R/R_Usage [Eng.]

Tax4Fun2 Analysis Tutorial in Rstudio [16S Functional Prediction]

Cha-Nyong 2022. 11. 28. 20:34

Hello,

 

This posting is about 16S rRNA microbiomal function prediction analysis.

 

There are three main tools for functional prediction of bacterial microbiomes

such as PICRUSt, FAPROTAX, Tax4Fun2.

 

All of these contains weak points and strong points.

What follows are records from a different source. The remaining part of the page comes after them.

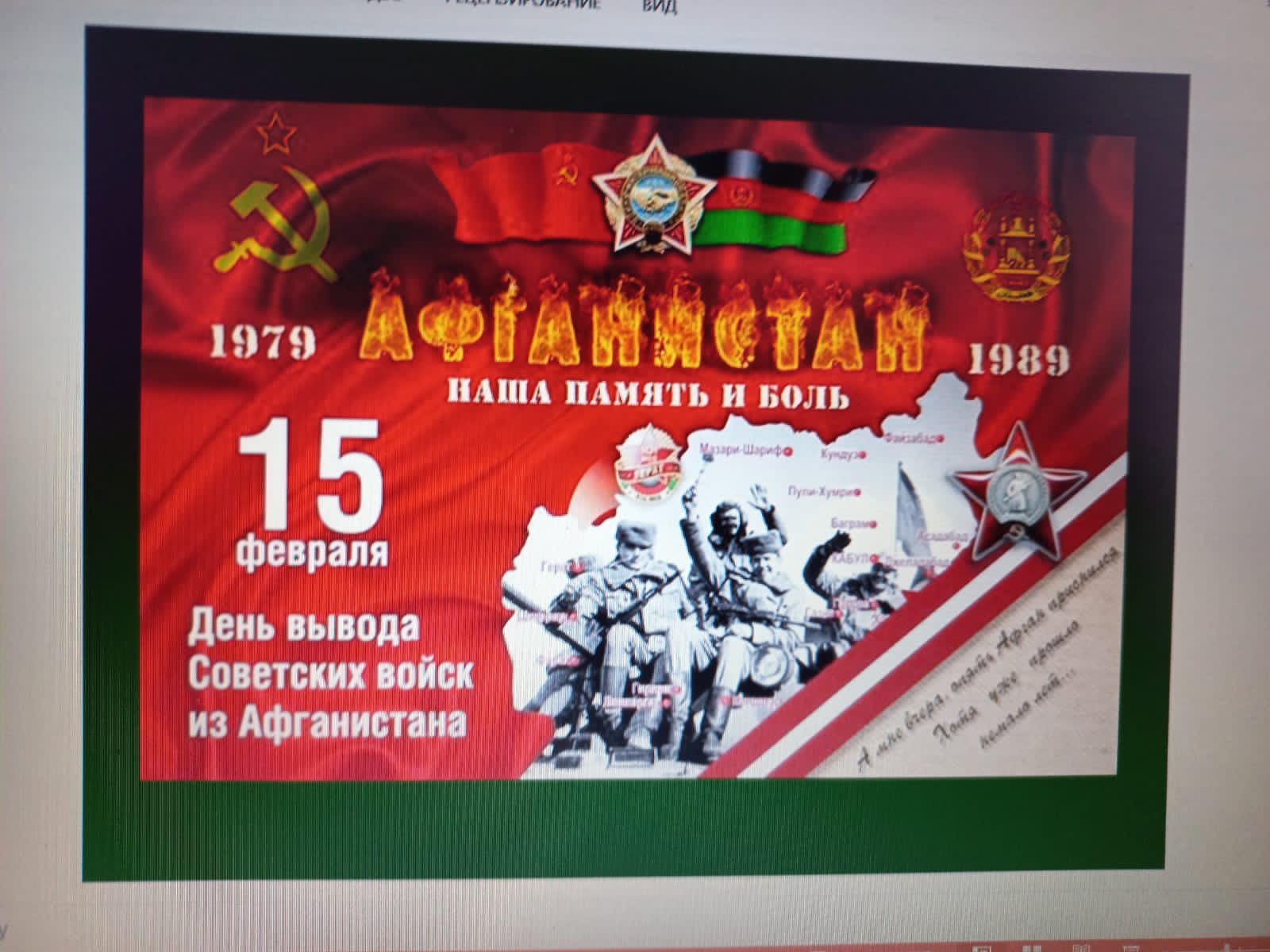 Опубликовано: 25.02.202224.02.2022 согласно плану мероприятий воспитательной работы в 6а и 7б классах педагогами Пищевских Я.А., Галялтдиновой Г.Ф. был проведён классный час, посвященный выводу Советских войск из Афганистана "Афганистан - наша память и боль".
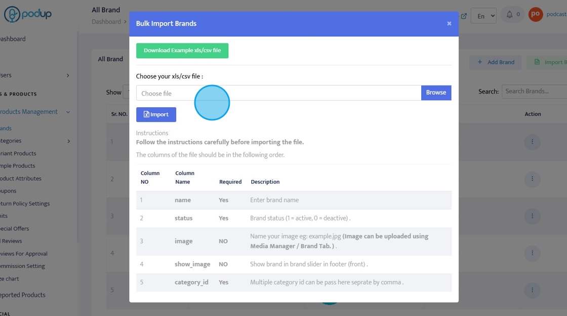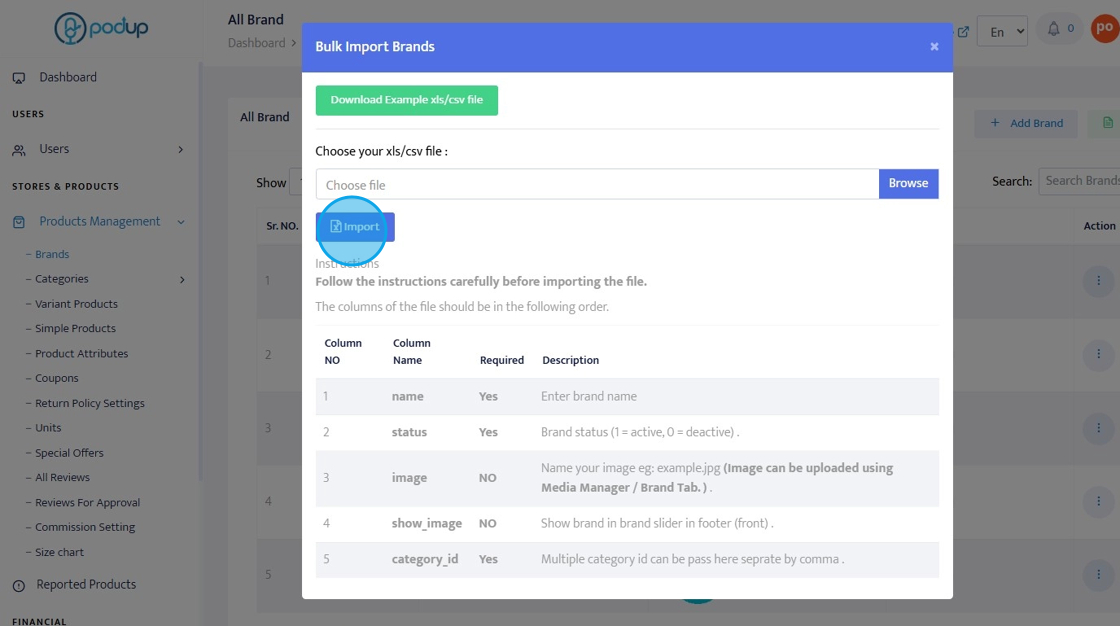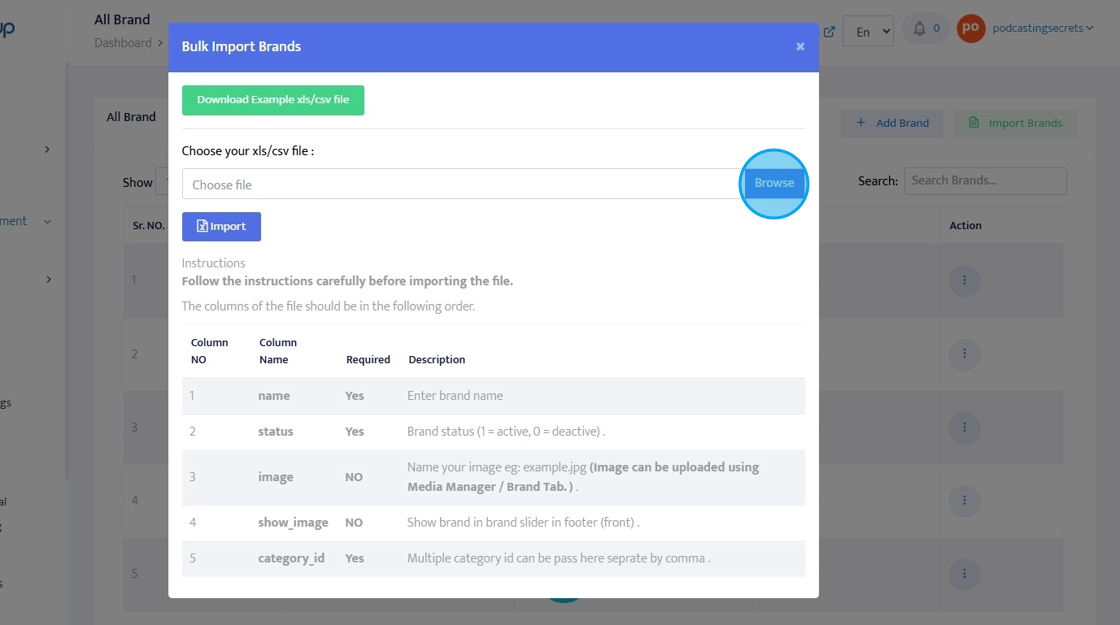7. Click "Choose your xls/csv file" to import multiple brands at once
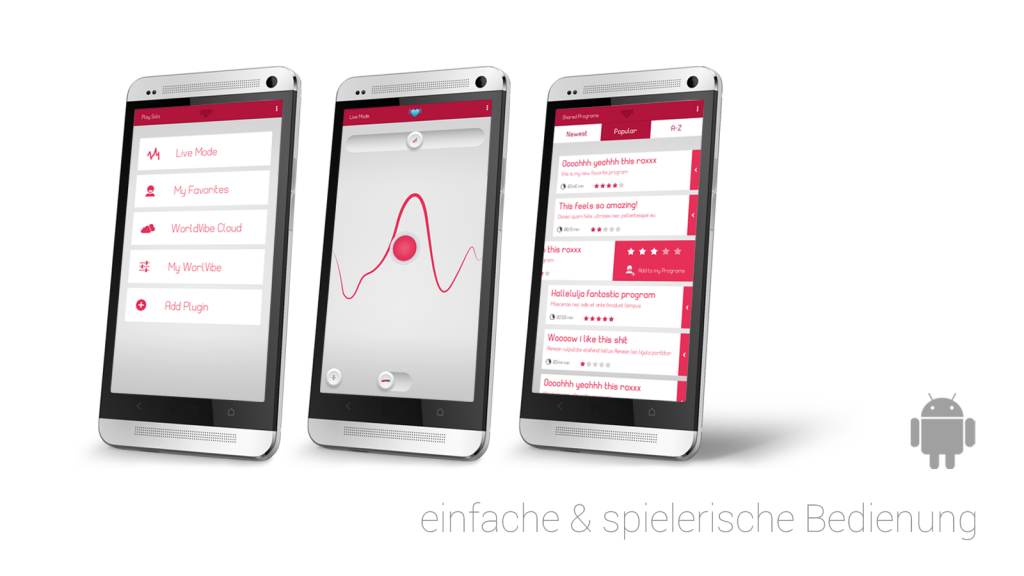 Während das Sextoy lädt, kann man schon mal das Smartphone zücken und den QR-Code auf dem beiliegenden Zettel in der Verpackung scannen. Schon poppt der Google-Playstore auf, mit der zugehörigen App für den Vibrator. Diese muss dann heruntergeladen werden. Als ich die App geöffnet habe, fand ich sie sehr schön schlicht gehalten. Ich konnte meine E-Mail-Adresse angeben und musste mir einen Nicknamen ausdenken. Eigentlich erklärt sich die App von allein. Wem das nicht genügt, für den gibt es noch eine ausführliche Anleitung als PDF-Datei zum Download. So wie ich es verstanden habe, gibt es wohl einen Modus ohne Smartphone, doch leider habe ich diesen nicht aktivieren können. (Anmerkung der Redaktion: Dazu dient der herzförmige Button auf der Unterseite des „WorldVibe“, mit diesem steuert man vier frei belegbare Speicherplätze.) Vielleicht habe ich mich auch einfach etwas zu ungeschickt angestellt.

In my case, i prefer to use Tax4Fun2 because of analysis pipeline.

 

Brifely, 16S rRNA sequence data will be blasted, 

and highest similarity chromosome will downloaded.

These chromosome will annotated to KEGG. 

Finally we can get pathway prediction of level 1 to 3 and even functions at enzyme levels.

This has pretty good accuracy according to related SCI paper.

 

 

 

Now, let's do analysis with follwing steps.

 

 

 

 

 

 

 

 

 

1. Install packages

 

The package name is "Tax4Fun2" in Rstudio.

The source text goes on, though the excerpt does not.